» **DATA LISTING**
◇ ◇ ◇ ◇ ◇
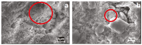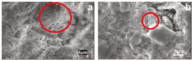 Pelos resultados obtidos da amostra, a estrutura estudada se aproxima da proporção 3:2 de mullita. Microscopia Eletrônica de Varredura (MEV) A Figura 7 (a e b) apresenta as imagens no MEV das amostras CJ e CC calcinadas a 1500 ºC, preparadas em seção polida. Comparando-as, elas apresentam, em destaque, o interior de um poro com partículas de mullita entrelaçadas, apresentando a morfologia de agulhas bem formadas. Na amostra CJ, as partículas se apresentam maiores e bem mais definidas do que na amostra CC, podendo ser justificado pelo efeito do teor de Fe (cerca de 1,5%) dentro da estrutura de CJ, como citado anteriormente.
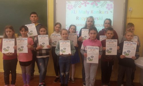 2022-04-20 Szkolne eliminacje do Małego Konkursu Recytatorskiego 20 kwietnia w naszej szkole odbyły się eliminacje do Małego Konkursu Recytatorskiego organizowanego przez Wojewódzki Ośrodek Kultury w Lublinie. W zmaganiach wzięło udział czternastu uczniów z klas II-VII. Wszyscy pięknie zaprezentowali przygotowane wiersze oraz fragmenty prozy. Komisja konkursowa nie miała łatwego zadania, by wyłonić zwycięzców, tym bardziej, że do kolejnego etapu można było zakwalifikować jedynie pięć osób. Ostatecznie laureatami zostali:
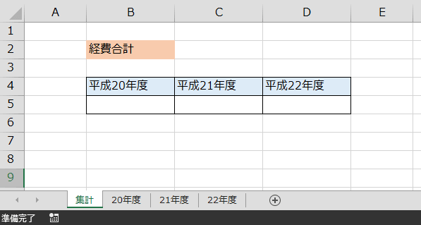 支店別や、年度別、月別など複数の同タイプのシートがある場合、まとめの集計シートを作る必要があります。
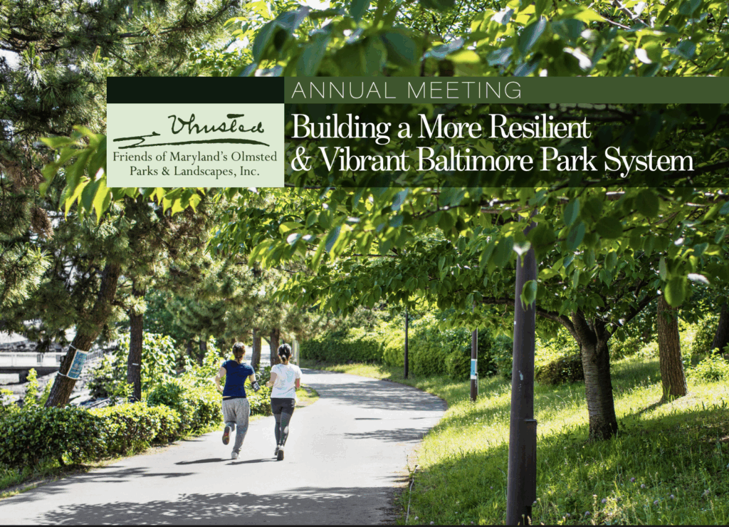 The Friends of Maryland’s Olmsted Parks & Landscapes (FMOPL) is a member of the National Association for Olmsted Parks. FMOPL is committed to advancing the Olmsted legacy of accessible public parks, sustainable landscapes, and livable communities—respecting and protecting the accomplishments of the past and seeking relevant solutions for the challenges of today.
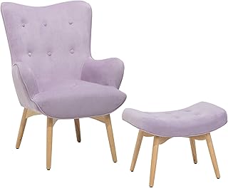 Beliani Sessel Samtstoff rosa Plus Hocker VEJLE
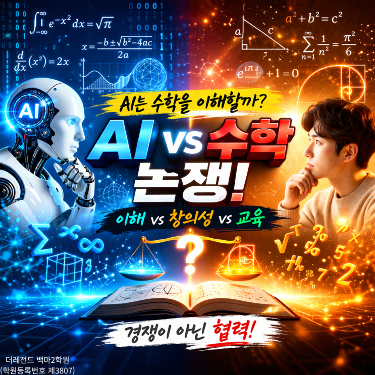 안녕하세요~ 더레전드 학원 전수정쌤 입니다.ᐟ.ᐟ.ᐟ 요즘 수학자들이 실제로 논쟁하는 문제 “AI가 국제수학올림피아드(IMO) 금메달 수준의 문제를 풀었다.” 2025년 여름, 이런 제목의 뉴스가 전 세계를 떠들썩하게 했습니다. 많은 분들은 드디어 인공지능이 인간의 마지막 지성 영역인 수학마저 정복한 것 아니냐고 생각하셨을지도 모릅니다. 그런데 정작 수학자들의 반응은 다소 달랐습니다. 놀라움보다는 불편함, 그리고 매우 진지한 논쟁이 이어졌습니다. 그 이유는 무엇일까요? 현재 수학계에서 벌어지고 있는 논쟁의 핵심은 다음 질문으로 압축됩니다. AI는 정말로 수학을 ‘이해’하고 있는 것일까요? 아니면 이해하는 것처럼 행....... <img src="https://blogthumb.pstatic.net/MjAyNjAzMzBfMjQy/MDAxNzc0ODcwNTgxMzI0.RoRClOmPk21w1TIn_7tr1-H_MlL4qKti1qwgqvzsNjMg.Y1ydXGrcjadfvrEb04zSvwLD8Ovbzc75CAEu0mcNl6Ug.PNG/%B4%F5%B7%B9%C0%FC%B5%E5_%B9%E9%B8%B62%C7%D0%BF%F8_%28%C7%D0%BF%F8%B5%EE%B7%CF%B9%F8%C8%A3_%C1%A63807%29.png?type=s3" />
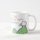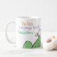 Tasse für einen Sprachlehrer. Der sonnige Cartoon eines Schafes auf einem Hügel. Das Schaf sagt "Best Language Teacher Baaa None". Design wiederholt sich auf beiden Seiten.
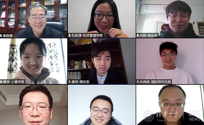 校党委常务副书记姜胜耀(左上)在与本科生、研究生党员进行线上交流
◇ ◇ ◇ ◇ ◇
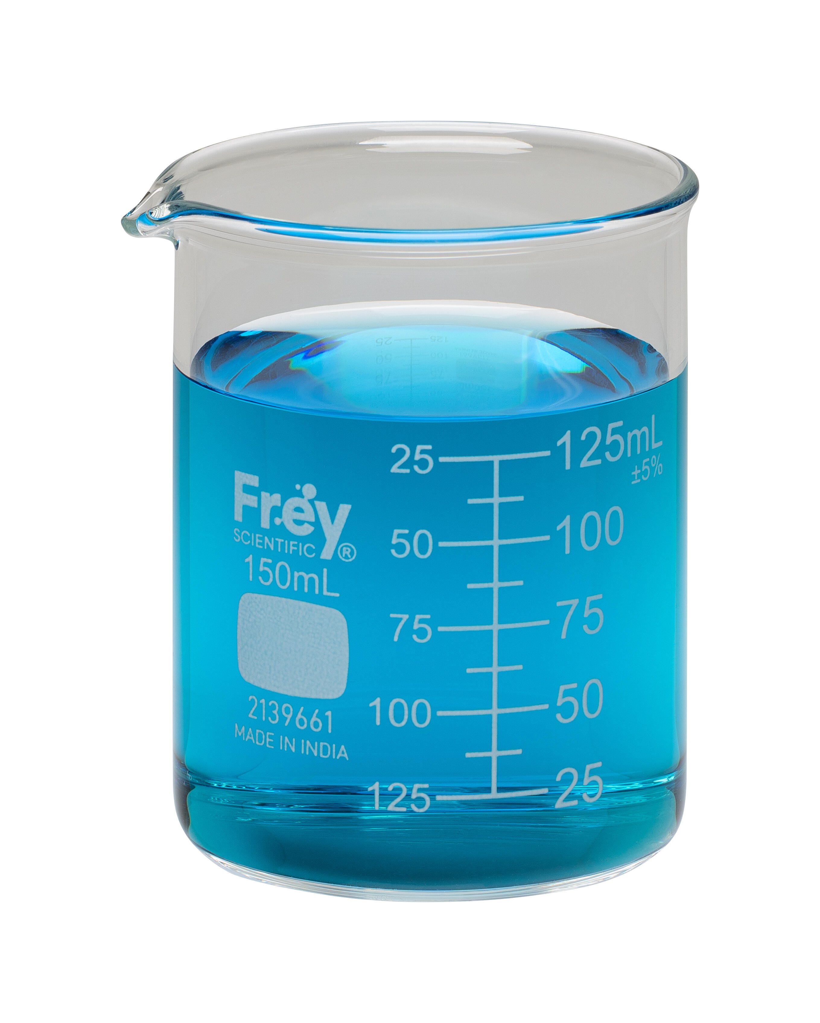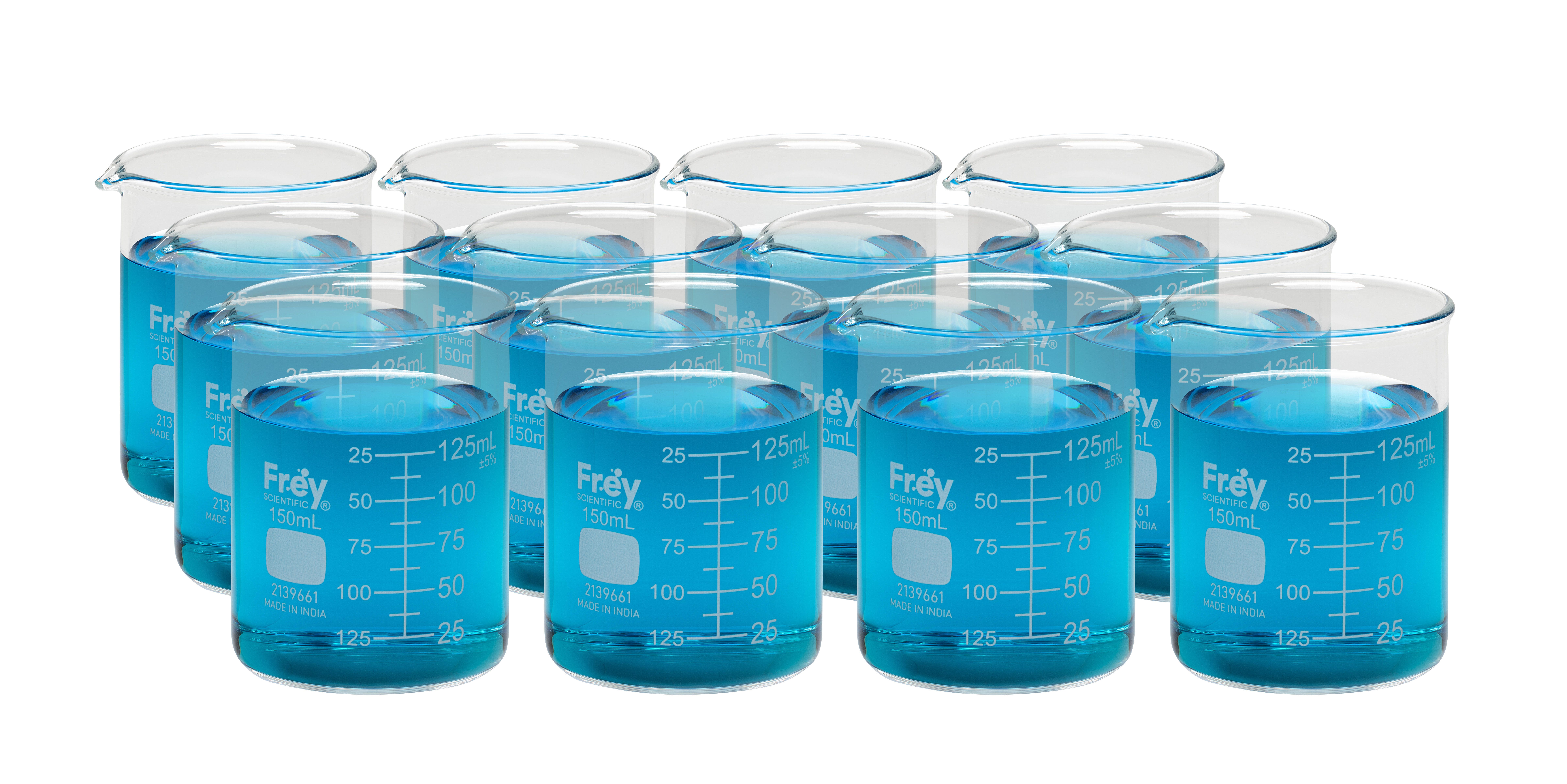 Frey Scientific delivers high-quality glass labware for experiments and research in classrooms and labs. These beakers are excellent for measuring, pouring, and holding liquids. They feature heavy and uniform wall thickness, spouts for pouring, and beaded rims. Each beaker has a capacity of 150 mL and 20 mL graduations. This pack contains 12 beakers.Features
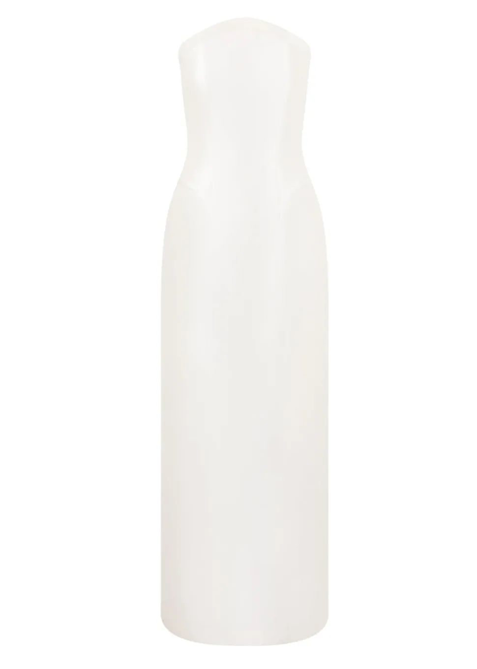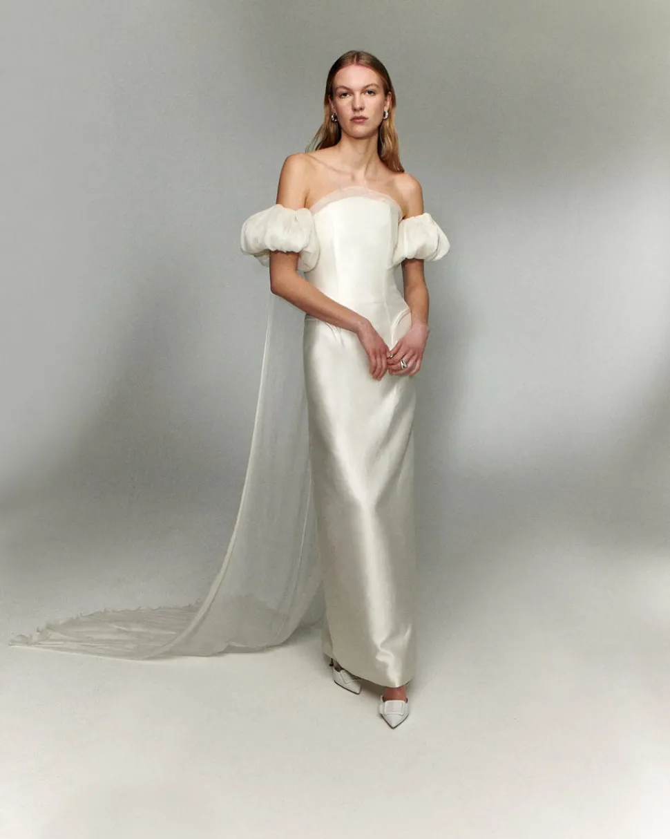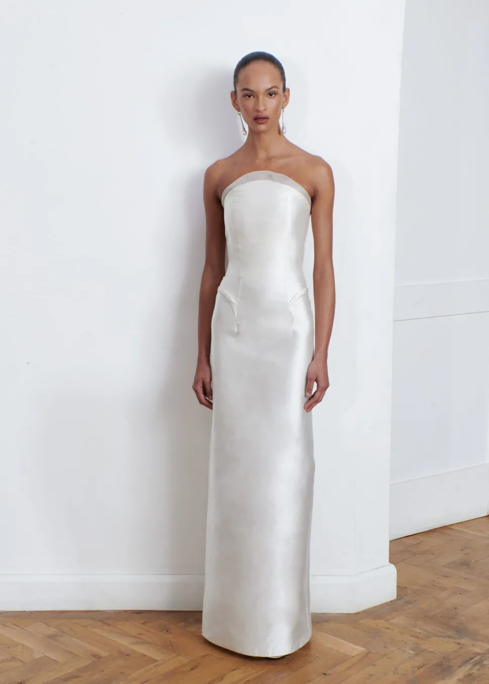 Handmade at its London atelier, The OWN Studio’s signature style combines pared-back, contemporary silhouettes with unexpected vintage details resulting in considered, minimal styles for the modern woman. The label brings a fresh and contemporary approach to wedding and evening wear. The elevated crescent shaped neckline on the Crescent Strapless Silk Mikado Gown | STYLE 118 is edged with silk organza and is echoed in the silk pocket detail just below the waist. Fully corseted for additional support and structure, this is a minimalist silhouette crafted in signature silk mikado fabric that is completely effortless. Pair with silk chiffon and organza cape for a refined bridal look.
◇ ◇ ◇ ◇ ◇
» **HOW TO COMPLETE THIS TASK**
Print everything from the line with "안녕하세요~ 더레전드 학원" down to the line with "校党委常务副书记姜胜耀(左上)在与本科生、研究生党员进行线上交流" in the entries above, both lines included and nothing more, without the pictures.

» **EXERCISE RESULT**
 안녕하세요~ 더레전드 학원 전수정쌤 입니다.ᐟ.ᐟ.ᐟ 요즘 수학자들이 실제로 논쟁하는 문제 “AI가 국제수학올림피아드(IMO) 금메달 수준의 문제를 풀었다.” 2025년 여름, 이런 제목의 뉴스가 전 세계를 떠들썩하게 했습니다. 많은 분들은 드디어 인공지능이 인간의 마지막 지성 영역인 수학마저 정복한 것 아니냐고 생각하셨을지도 모릅니다. 그런데 정작 수학자들의 반응은 다소 달랐습니다. 놀라움보다는 불편함, 그리고 매우 진지한 논쟁이 이어졌습니다. 그 이유는 무엇일까요? 현재 수학계에서 벌어지고 있는 논쟁의 핵심은 다음 질문으로 압축됩니다. AI는 정말로 수학을 ‘이해’하고 있는 것일까요? 아니면 이해하는 것처럼 행....... <img src="https://blogthumb.pstatic.net/MjAyNjAzMzBfMjQy/MDAxNzc0ODcwNTgxMzI0.RoRClOmPk21w1TIn_7tr1-H_MlL4qKti1qwgqvzsNjMg.Y1ydXGrcjadfvrEb04zSvwLD8Ovbzc75CAEu0mcNl6Ug.PNG/%B4%F5%B7%B9%C0%FC%B5%E5_%B9%E9%B8%B62%C7%D0%BF%F8_%28%C7%D0%BF%F8%B5%EE%B7%CF%B9%F8%C8%A3_%C1%A63807%29.png?type=s3" />
 Tasse für einen Sprachlehrer. Der sonnige Cartoon eines Schafes auf einem Hügel. Das Schaf sagt "Best Language Teacher Baaa None". Design wiederholt sich auf beiden Seiten.
 校党委常务副书记姜胜耀(左上)在与本科生、研究生党员进行线上交流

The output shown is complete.